Mycophenolate mofetil may be useful to treat individuals with glucocorticoid-resistant disease. [26, 27] Case reports suggest disease control and steroid sparing. In a series of 21 patients, [28] the average sedimentation rate fell from 68 to 43 mm/h (P =.003) and the average prednisone dose from 36 to 19 mg/d. Cases of patients discontinuing prednisone and having no progression of disease for several months are reported.

Leflunomide has been used in glucocorticoid-resistant and methotrexate-resistant disease. [29] Tumor necrosis factor (TNF) inhibition with etanercept or infliximab has also been used in relapsing disease or glucocorticoid-dependent disease. Cyclosporine may be an alternative therapy, offering lower ovarian toxicity than cyclophosphamide. However, cyclosporine is often associated with decreased renal function and increased blood pressure, which may aggravate the damage to the heart and great vessels; it is used less frequently.

TNF inhibitors offer treatment for patients with relapses or refractory disease. Infliximab has been used in children with Takayasu arteritis. [30, 31, 32] In patients treated with TNF inhibitors, renewed disease activity has been seen on withdrawal. Patients with disease despite treatment may benefit from a change to a different TNF inhibitor, or escalating the dose, in the case of infliximab.  A retrospective case series by Stern et al found that infliximab was equivalent to cyclophosphamide with fewer adverse effects, making infliximab an alternative therapeutic option. [33]  

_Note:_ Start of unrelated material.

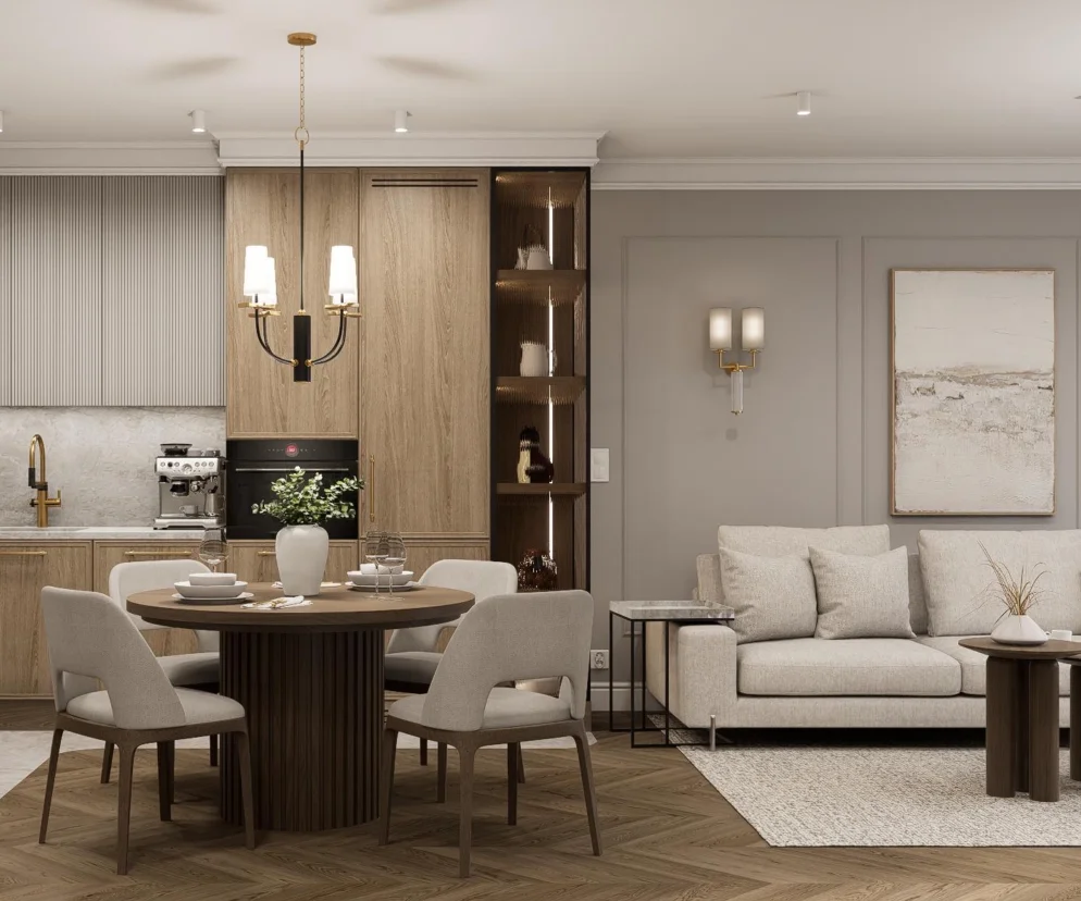 Drewniana podłoga ułożona w jodełkę oraz wykończenie mebli fornirem nadają przestrzeni przytulności, którą potęguje subtelny kaszmirowy odcień szarości i biel. Te naturalne kolory tworzą spokojną, ale elegancką bazę, która współgra z resztą aranżacji.

Response to TNF inhibitors in a small series has ranged from 74-90%; patients continuing treatment have been reported with stable disease for 24-36 months. These are patients previously with active disease, with relapse, or with progression on treatment. [34] In a series of 15 patients, [30] 14 were able to taper steroids and 10 were able to wean off steroids entirely while on infliximab. One patient did not respond. Withdrawal of the TNF inhibitor was briskly followed by relapse, suggesting that control of active disease is possible, but treatment is needed to maintain control.

The presence of antiendothelial antibodies and plasmablast expansion in patients with active Takayasu arteritis suggest a role for B-cell–based therapies. Reports using rituximab, monoclonal anti-CD20 antibody for disease control and steroid sparing in patients with Takayasu arteritis show promise. [8] Treatment regimens have been the 4-week lymphoma protocol (375 mg/m2 weekly for 4 wk) or the 2-week fixed-dose rheumatoid arthritis protocol (1000 mg repeated once 14 d later). Patients were able to taper prednisone and had no new disease manifestations. Peripheral plasmablasts decreased in number, rising again with signs of relapse.

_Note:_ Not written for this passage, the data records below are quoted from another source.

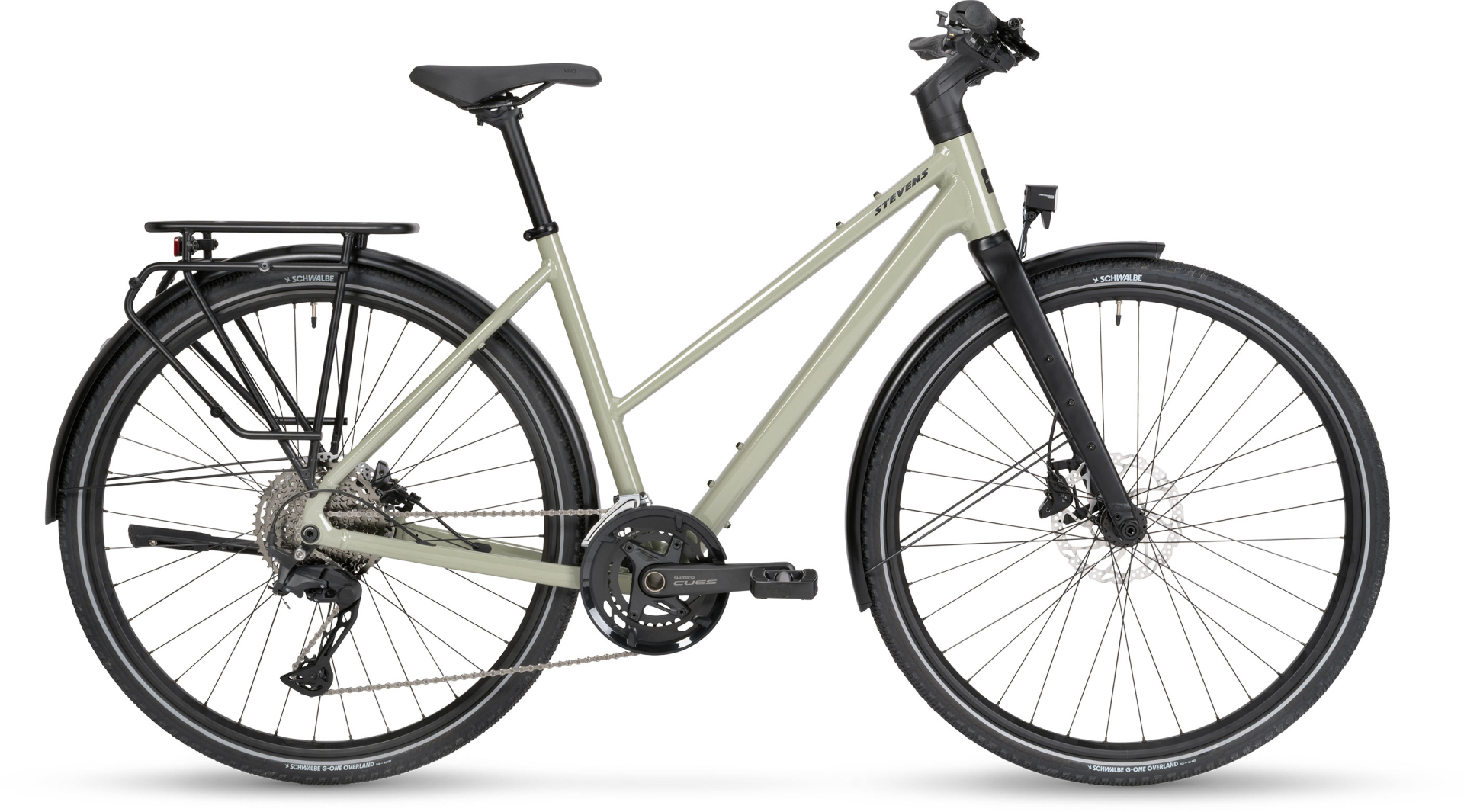 STEVENS Caleta 8.1 je všestranné trekingové kolo určené pro ty, kdo hledají maximální kvalitu a spolehlivost na každé cestě. Hliníkový rám v kombinaci s lehkou vidlicí STEVENS S-Lite zajišťuje pevnost a stabilitu. Pohon Shimano CUES U6000 s 2x11 převody a širokým rozsahem 11–45 zubů zvládne městský provoz i náročnější trasy. Brzdy Shimano Deore BR-MT410 s kotouči 180 mm poskytují bezpečné a plynulé zastavení. Kolo je vybaveno výkonným LED světlem Trelock a zadní svítilnou B+M Xeltec napájenými z nábojového dynama. Pláště Schwalbe G-One Overland šířky 45 mm dodávají jízdě pohodlí a jistotu i na nerovném povrchu.
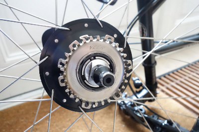 Aan de aandrijflijn is niets veranderd; nog steeds een 42 tands tandwiel. Eigenlijk zijn alleen de bevestigingsgaten voor het tandwiel gewijzigd, ter voorbereiding op het voortandwiel van Veer; de volgende stap.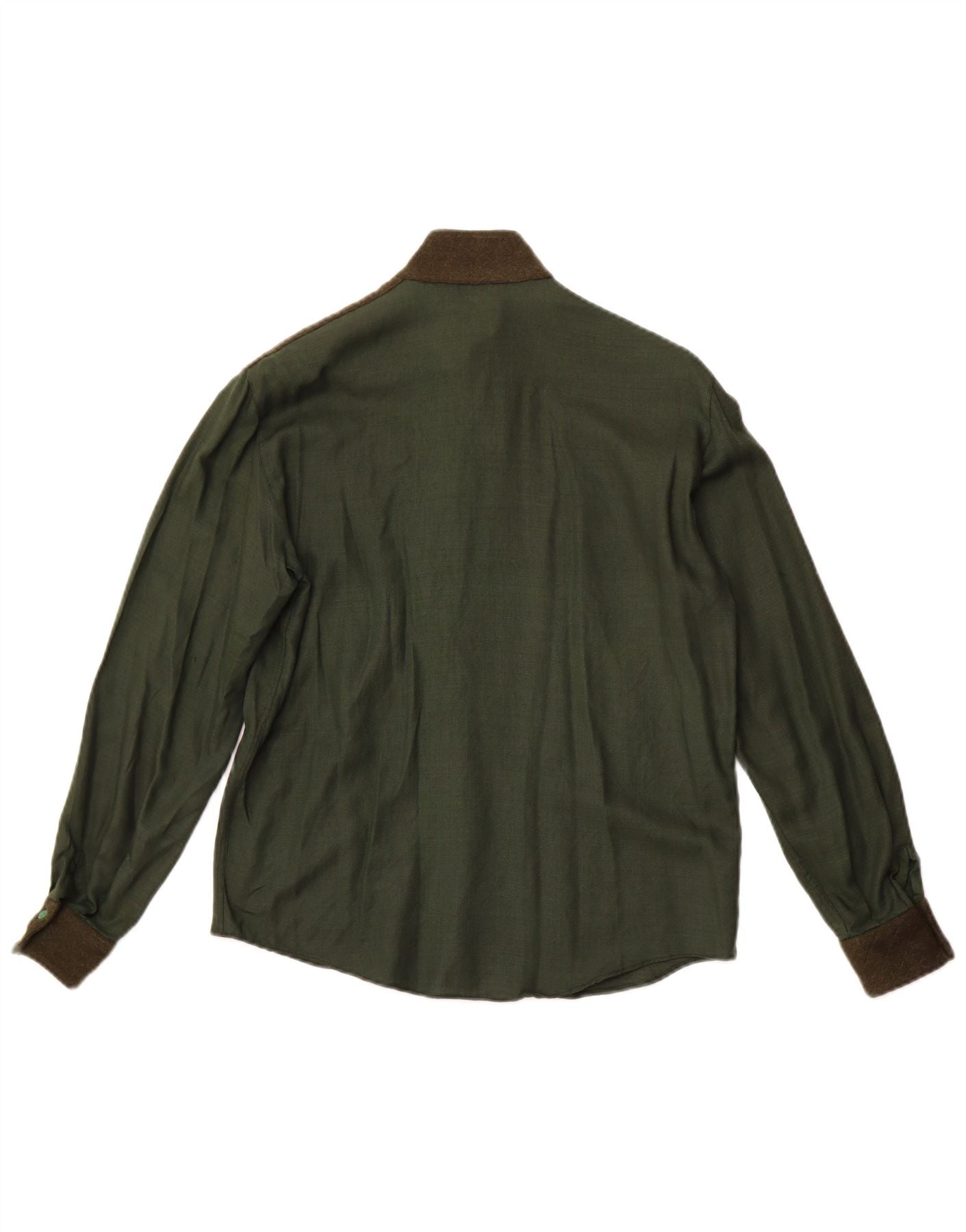 Женская блузка-рубашка в стиле милитари PANCALDI & B UK 14, средний зеленый цвет с цветными блоками

Similarly, case reports of tocilizumab (monoclonal anti–IL-6 receptor antibody) have described remission induction in Takayasu arteritis resistant to other treatments. [9, 10] IL-6 levels are elevated in Takayasu patients and correspond with disease activity, making this an attractive target for therapy. [35]

IL-6 blockade reduces production of Th17 cells, indirectly reducing levels of TNF-aα and IL-6. Treated patients showed lower C-reactive protein levels and reversal of some ischemic changes (pulses improved). FDG-PET scans showed decreased FDG uptake in the great vessels. After 6 monthly infusions, patients were transitioned to weekly methotrexate as maintenance. [9]

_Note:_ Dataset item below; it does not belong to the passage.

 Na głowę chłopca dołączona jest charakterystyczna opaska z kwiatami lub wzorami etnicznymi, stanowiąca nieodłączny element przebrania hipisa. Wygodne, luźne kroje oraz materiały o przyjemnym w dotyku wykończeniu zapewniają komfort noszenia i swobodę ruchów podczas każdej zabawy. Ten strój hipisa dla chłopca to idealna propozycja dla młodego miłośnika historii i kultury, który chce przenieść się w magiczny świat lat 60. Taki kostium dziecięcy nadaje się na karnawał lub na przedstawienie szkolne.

A 3-year-old girl was treated with tocilizumab [36] and stenosis of the brachiocephalic artery demonstrated increased flow along with normal inflammatory markers. This child continued for over 2 years on tocilizumab and mycophenolate mofetil.

Anecdotal reports of matrix metalloproteinase inhibition using minocycline suggest that this may be a useful adjunctive therapy, which may also allow lower doses of corticosteroids and, thus, reduced toxicity. This does not replace immunosuppressive therapy with steroids and other treatments.